Carboxypeptidase A4 promotes cardiomyocyte hypertrophy through activating PI3K-AKT-mTOR signaling

In adult mammalian hearts, the proliferative capacity of the cardiomyocytes is limited. Upon injury or increased functional demand, the cardiomyocytes can not proliferate to repair or support the increased demand. Instead, cardiomyocytes can undergo hypertrophic growth, which can compensatorily support the functions of the myocardial tissues [1,2]. Cardiac hypertrophy can be divided into physiological and pathological hypertrophy [3]. Pathological hypertrophy is irreversible and can be induced by hypertension, myocardial infarction, and neuroendocrine factors [3]. The continuous overload of the cardiac tissues and hypertrophic growth leads to arrhythmia, cardiac hypertrophy, and heart failure [1,3]. Therefore, cardiac hypertrophy has been considered the core fundamental mechanism underlying cardiac diseases. Nowadays, cardiovascular diseases are increasing and have been regarded as the first-leading cause of deaths all around the world. Targeting hypertrophy for the treatment of cardiac diseases is a promising strategy [4], which needs a further deep understanding of the mechanisms underlying cardiac hypertrophy.
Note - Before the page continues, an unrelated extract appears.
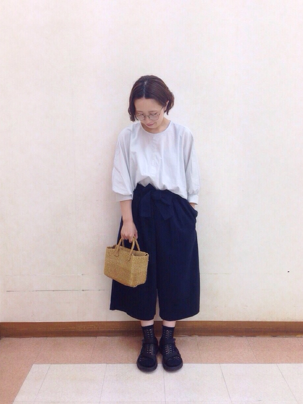 イ ズ ミのシャツ/ブラウス「コットンキュプラローンクルーネックブラウス」を使ったコーディネート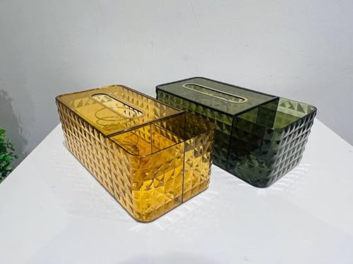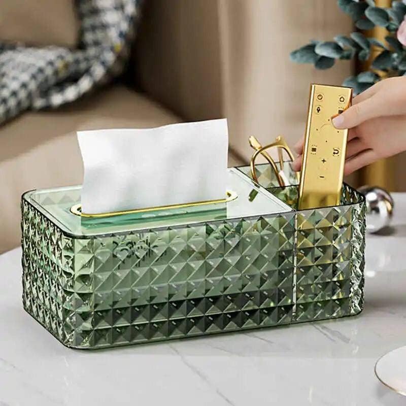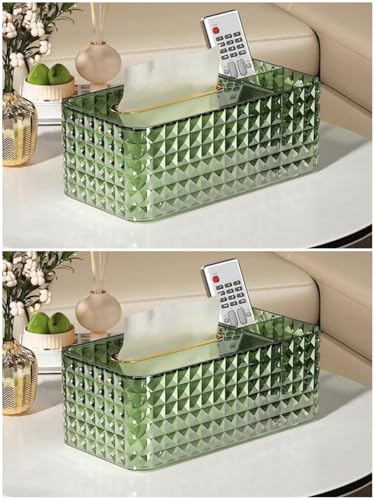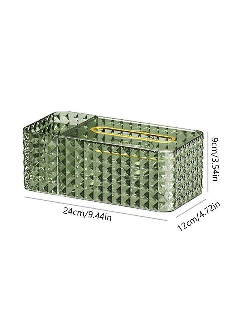 Generic - منظم علبة مناديل كريستال عصري - حامل مناديل اكريليك مع مساحة تخزين للمكياج وجهاز التحكم عن بعد والاكسسوارات (لون اخضر داكن (قطعة واحدة)

The hypertrophic growth of cardiomyocytes is regulated by diverse intracellular signalings, such as NAD⁺-dependent protein deacylase Sirtuins, AMP-dependent protein kinase (AMPK), FOXOs, histone deacetylases (HDACs), and the mammalian target of rapamycin (mTOR) [5–9]. For instance, the phosphoinositide 3-kinase (PI3K)-AKT signaling contributes to nearly all kinds of cardiac hypertrophy. PI3K is activated by neuroendocrine factors (e.g., angiotensin II [Ang II], endothelin 1 [ET-1], isoproterenol [ISO]), insulin, insulin-like growth factors, apelin via the G protein-coupled receptors (GPCRs) [10–12]. The phosphorylated PI3K activates the kinase AKT via a phosphoinositide-dependent protein kinase (PDK1)-dependent or independent manner [10]. The kinase Akt can activate its downstream targets via phosphorylation to participate in cell survival, growth, and proliferation [10,13]. One of the central targets of AKT during cardiac hypertrophy is mTOR. mTOR can regulate the activity of ribosomes and promote protein synthesis via phosphorylating the p70 ribosomal protein S6 kinase 1 (S6K1) [13,14]. The mTOR complex is the key modulator for organ and cell size and controls the hypertrophic growth of different kinds of cells, including smooth muscle cells, cardiomyocytes, skeletal muscle cells, and adipocytes [7,13]. Repression of the activity of mTOR by rapamycin can inhibit cardiac hypertrophy in rodents [15,16].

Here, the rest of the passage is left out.